しかし、被相続人が健在のうちに親族間で相続についての話し合いをしている家庭は、ごくわずかです。日本財団の調査によると、「生前に相続の準備を進めていなかった」と回答した人の割合は8割にものぼります。
相続が発生するのは被相続人の死後なので、生前に相続の話をすると「縁起でもない」「財産を狙っているのか」と一蹴されてしまうケースもあるといいます。また、お子様側が遠慮してしまい、親御様に相続の話を持ちかけられない場合も多いでしょう。
しかし、生前に相続について話し合っておかないと、親御様の死後に親族間でトラブルが発生するリスクが高まります。資産状況も把握できないため、死後、遺された家族の負担が増してしまいます。相続においては、親と子の考え方が異なる場合も多いもの。故人の意思を尊重するためにも、遺された家族のためにも、生前にしっかり話し合いの場を設けておきましょう。
お悩み相談解決・ケース事例
ケース1:親の死後、兄弟が預貯金を勝手に使い込んでいた
お父様の死後、兄弟の1人が遺産の一部を勝手に使い込んでいたというご相談がありました。金融機関に連絡して口座凍結をするまえに、兄弟の1人が預貯金を勝手に引き出していたとのことで、大変ご立腹の様子でした。
この件では親族間の話し合いはすでに済んでおり、兄弟からの謝罪もあったとのことでした。
そこで、当社としては「遺産分割の際に、使い込んでしまった分を差し引く」という方法をご提案しました。
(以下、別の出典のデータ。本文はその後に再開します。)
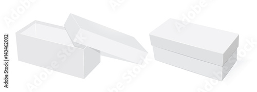 Пустая картонная раздвижная коробка, реалистичный макет изолированного набора на сером фоне. Векторная иллюстрация упаковки для розничной продажи или подарочного контейнера, подготовленного для брендирования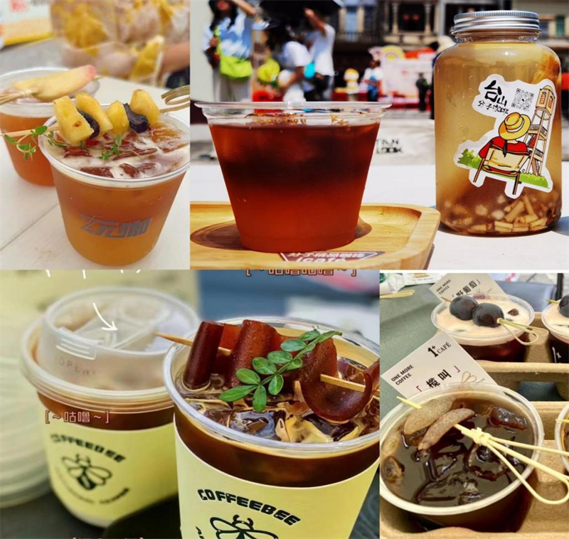 文化集市,台山人气咖啡店各显神通。本次咖啡文化集市聚集了超20个本土品牌及企业,走出常规手冲咖啡、意式咖啡等“舒适圈”,创新推出咖啡与端芬金猪山红茶碰撞特制的限定咖啡,竹蔗茅根冷萃咖啡、梅子汁冰滴咖啡、竹筒咖啡椰子冻等各路特调咖啡争奇斗艳,菠萝、榴莲、野葡萄等当季水果元素纷纷被商家融入咖啡里,玩转新花样。这也成为了本次咖啡文化节点燃“台山咖啡”氛围,消费者络绎不绝、好评不断的关键所在。“这次我们在文化集市上推出了3款自主研发的咖啡饮品,丰富的口感、独特的创意,让初尝咖啡的人也能接受,帮助我们基地打响品牌。”作为土生土长端芬人的参展商家梅明苏表示:“五天来我真是忙个不停,一边冲咖啡一边联系补货,能看见梅家大院重现当年盛景实在是甜在心里。”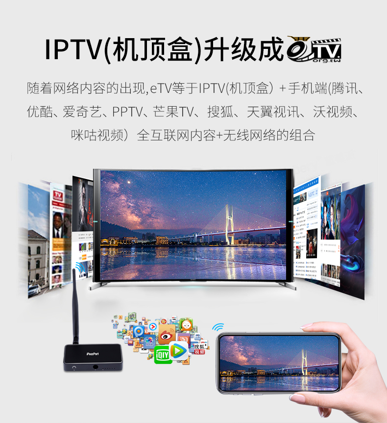2019年最新出品的多功能高配同屏器。除了拥有普通Miracast加密狗的传统功能外,这款高配镜盒金属材料的投屏盒子还拥有3个独特的功能:即快速扫码无线连接功能,无线AP和IPTV模式之间的自由切换功能,及热点功能。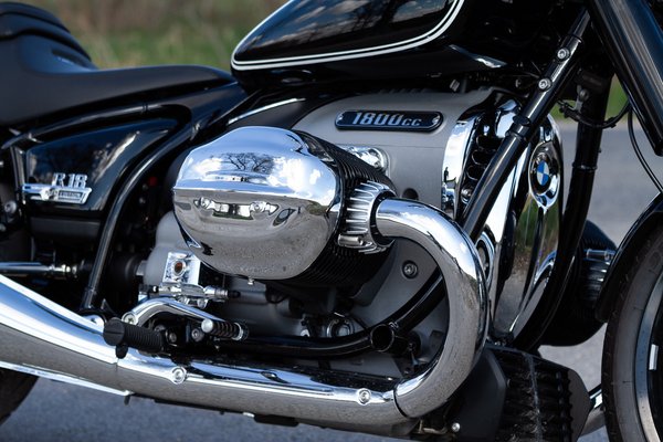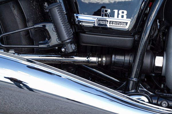 A motor oldalnézete teszi egyértelművé, hogy az R 18 inkább hosszú és nyúlánk, egyedül a blokk tömbszerű, de maga a váz egészen karcsú és lapos. Nem is értem, mi nyom ezen 350 kilót, mert végigkopogtatva azért van bőven fém, de a műanyagok után sem kell sokat kutatni. Ennél a tömegnél már indokolt a hátrameneti fokozat, a blokk bal oldalán van egy kallantyú, azt felhúzva járó motornál az önindítót nyomva szépen elindul hátrafelé. Ennél még elvagy nélküle, de a készülő, gigantikus túraváltozatokhoz elengedhetetlen lesz.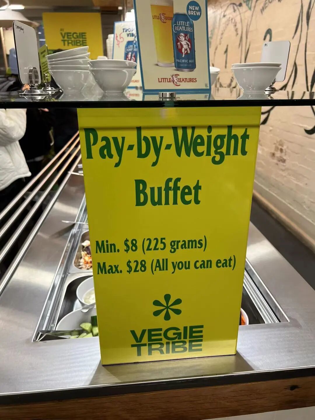 这个自助餐是称重收费的,$1/28g,8刀就能买到4两饭菜了!如果你饭量很大,直接选$28的不限量套餐!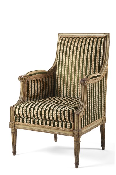 Jean Baptiste Bernard Demay (1759-1848) Poltrona in legno intagliato e laccato con braccioli terminanti a ricciolo, montanti e gambe scanalate (cm 64,5x95,5x55) Stampigliata J.B.B. Demay. Secolo XVIII (difetti)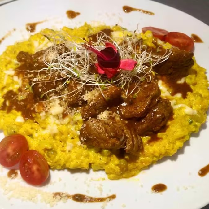 Deleitoso risoto a la huancaína a base de molho de queijo e aji amarillo,acompanha file mignon ao molho aji panca delicadamente apimentado.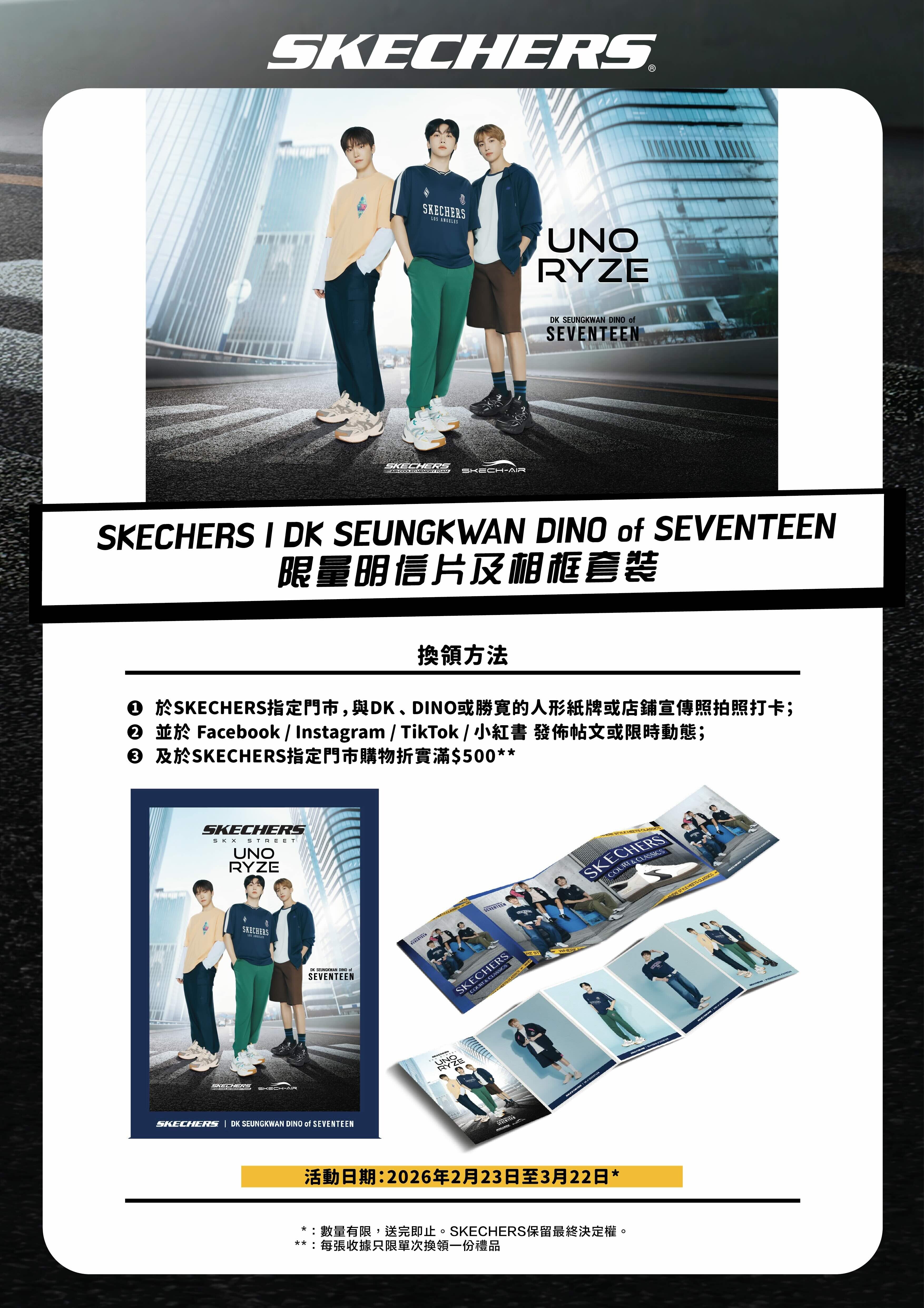由即日起至3月22日期間到指定8間SKECHERS專門店與DK、勝寛或DINO的宣傳品拍照打卡及上傳到社交平台,並於店內消費滿HKD / MOP 500便可獲得SKECHERS | DK SEUNGKWAN DINO of SEVENTEEN限量明信片及相框套裝乙份。數量有限,送完即止。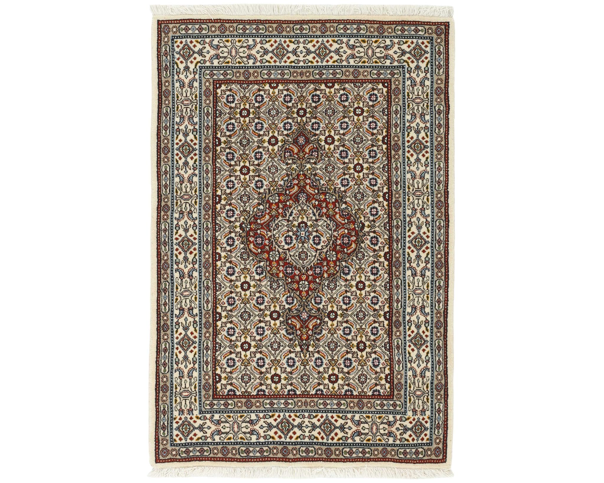 Moud Mahi -matot ovat käsinsolmittuja villamattoja, jotka valmistetaan Moudin kylässä Khorrasanin provinssissa. Kylän matot tunnetaan tasalaatuisuudestaan ja toistuvista Herati-kuvioistaan, ja joissakin malleissa esiintyy keskelle sijoittuva tähdenmuotoinen medaljonki. Väripaletti koostuu beigen, vaaleanpunaisen ja sinisen sävyistä, jotka antavat matoille jäsennellyn ja harmonisen ilmeen. Solmutiheys on 250 000–350 000 solmua neliömetrillä. Käyttämätön.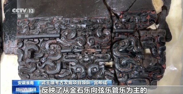 武王墩考古发掘项目领队 宫希成:过去以金石乐为主,所谓金石乐就是以编钟编磬为主调的礼乐制度。比方说曾侯乙墓里边有不少的瑟,但是像武王墩量这么大,而且种类还这么齐全,还是第一次,反映了从金石乐向弦乐管乐为主的变化。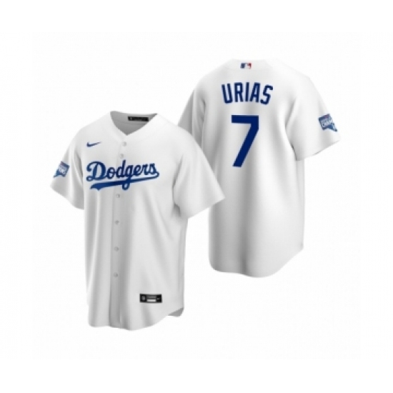 Men's Los Angeles Dodgers #7 Julio Urias White 2020 World Series Champions Replica Jersey
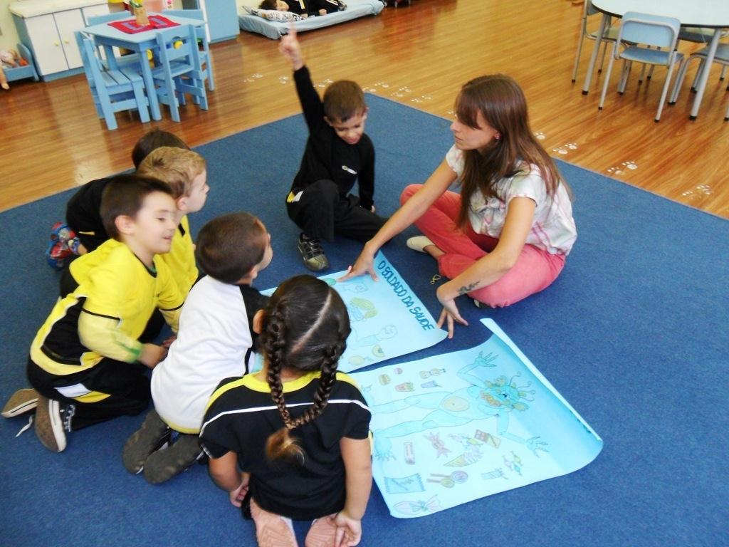 Ana apresentou aos alunos o “soldado da saúde”, fazendo referência a alimentos saudáveis, e o “bicho da porcaria”, referenciando alimentos pouco ou nada saudáveis.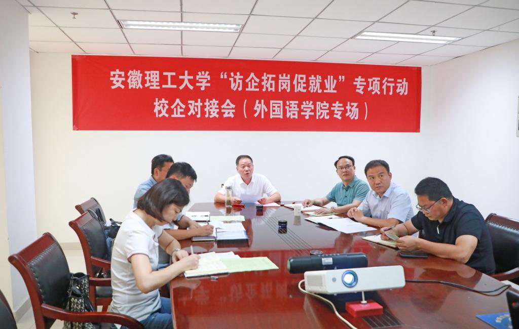 “2023年我们将面向安徽理工大学招聘280名毕业生”“我们有稳定的海外市场,长期有英语、日语专业毕业生用人需求,希望校企双方进一步加强合作”。7月26日下午,安徽理工大学“访企拓岗促就业”专项行动校企对接会(外国语学院专场)气氛热烈,6家单位现场表达了与学校及学院加强交流合作的积极意愿。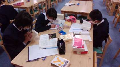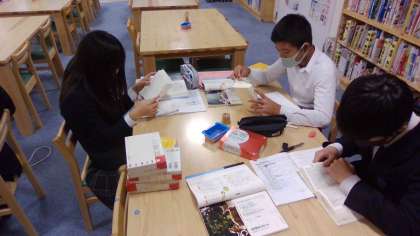 「漢字の音・訓」の単元では、辞書を使って学習をしました。漢字辞典と国語辞典を用途によって使い分けています。普段の生活でわからない言葉に出会ったときにそのままにしてしまっていたり、スマホやタブレットで調べたりすることが多いようで、辞書を引くことに慣れていない生徒が大勢いました。紙の辞書は探した語句の意味・用法・用例を一度に見渡すことができるだけでなく、調べたい語句のまわりにある語句の意味が目に入ることから、ほかの言葉や表現を知るきっかけにもなります。 このように「言葉との偶然の出会いがある」ので、じっくりと紙の辞書を引く時間を大切にしてほしいです。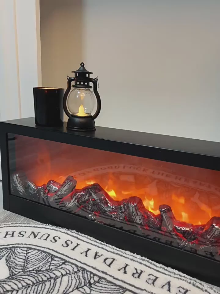 Lampă Ambientală Decorativă în Stil Art Deco, Lumina de 60cm/23.6in pentru Șemineu, Alimentare USB, Silențioasă și Fără Fum, Abajur Plastic Dreptunghiular, Temă Fantastică, Control cu Buton, pentru Decorul Casei, Halloween, Decor de Crăciun, Potrivită pentru Diverse Tipuri de Camere, Cadou pentru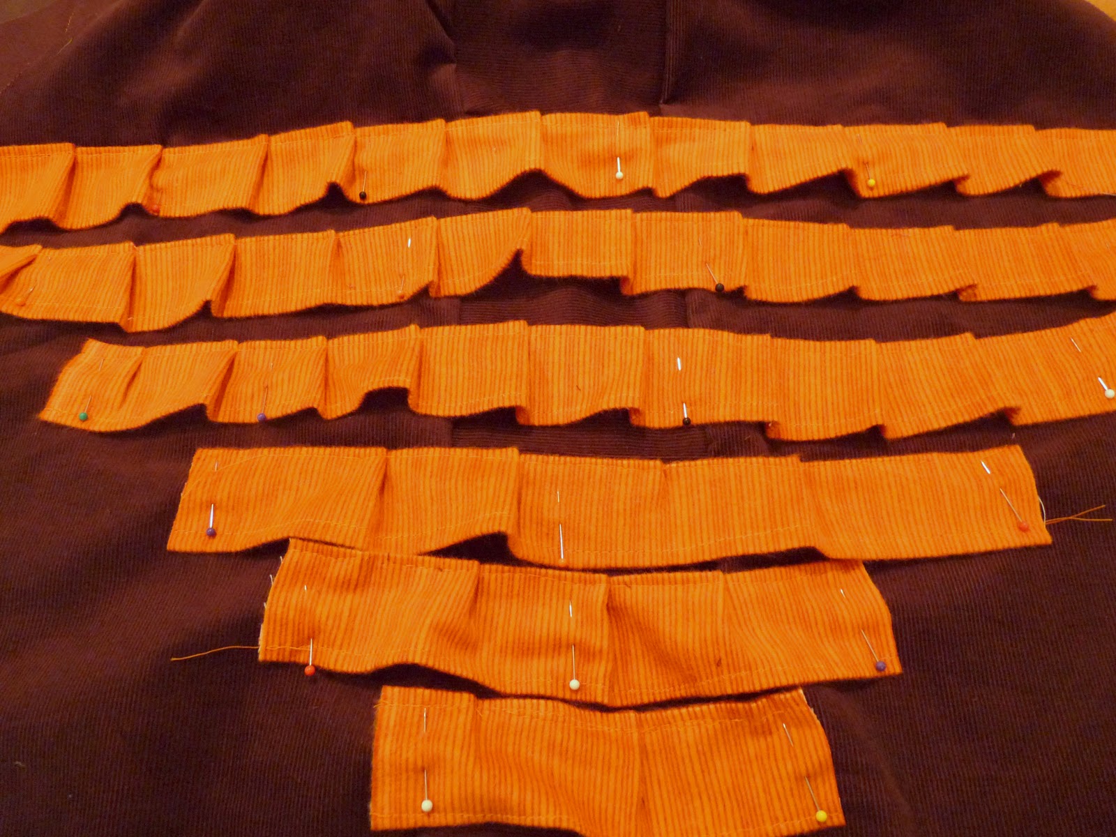 12. Pin ваши ряды складок в месте на одной из своих фигур вельвет. Стежка на месте.

口座の履歴から使い込んだ金額が明らかになれば、その分の遺産を差し引くことで公平性を保つことができます。
ことが裁判にまで発展すれば、兄弟の関係に修復不可能なほどのダメージが与えられる危険性も否めません。最終的には無事、和解されたとのことで、私もほっと胸をなでおろしました。
ケース2: 親族の1人が、法定相続分より多くの遺産を要求してくる
故人の兄であり、相談者様の叔父にあたる方が、決められた法定相続分より多くの遺産を要求してきて困っているというご相談でした。親族間で何度も話し合いを重ねてきたものの、「自分にはそれだけの権利がある」の一点張りで、聞き耳を持ってもらえないとのことでした。
相続税の申告・納付には期限が決められているため、これ以上話し合いが難航すると税法上のペナルティが課せられてしまう状況でした。これまでの経緯をお聞きした結果、当事者間でトラブルを解消することは難しいと考え、私が提携する弁護士を紹介させていただくことにいたしました。
結果的に、弁護士からの連絡があったことでお相手の態度は軟化していったとのことでした。行政書士資格を持つ私と弁護士の専門家チームが連携することで、早期解決に導くことができました。